Picking up from last time –
I think it was my first Monday (and first full day) in my apartment, I was sitting in the living room during a lunch break lamenting my life, thinking about quitting – ‘cause I’d just started helping out with parties for a tobacco company. Uuuuugh. I know, right? I know!
I didn’t know what to do. I always knew I’d never work at a tobacco company. That’d be crazy. But to work at an event planning company, in a position in which I had no control over the clients they chose… Am I going to quit my job over the idea that I will not be a part of evil companies celebrating themselves?
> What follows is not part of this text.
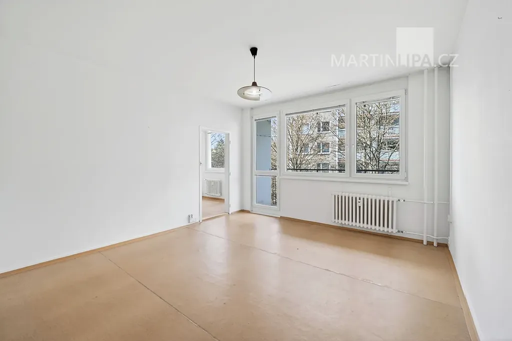 Tady máte příjemně čisté plochy, logické napojení místností a hodně světla. Obývák je největší pokoj s přímým vstupem na lodžii, další dva pokoje se hodí jako ložnice a dětský pokoj/pracovna. Kuchyň je samostatná a je přístupná jak z obýváku, tak i „obíhačkou“ z předsíně. Při rekonstrukci tedy můžete kuchyň ponechat odděleně, nebo ji otevřít a udělat z ní součást moderního obýváku.

Or will I just book plane tickets, get the outdoor umbrellas and such, and try to block it out of my memory once we move on to a new client?
I’d just signed a lease. I didn’t want to throw away all the money to break the contract. I didn’t want to let down my roommate. I didn’t want to be poor again, if I could avoid it. I didn’t want to let down my friend who got me the job. I never wanted to ostracize myself from anyone in my network. I had so many stressful thoughts in my mind.
And my dad tried to talk me down. He said he didn’t think it was really wrong. All I was doing was booking stuff. And someone else would do that if I weren’t there. I wasn’t a part of selling tobacco to anyone, just helping plan parties. I questioned his reasoning as I didn’t want to be involved in tobacco in any way. But I felt trapped and sucked it up and went back to work.
And then, merely a day or two later, I was let go (not for any cool standing-up-for-my-morals reasons though).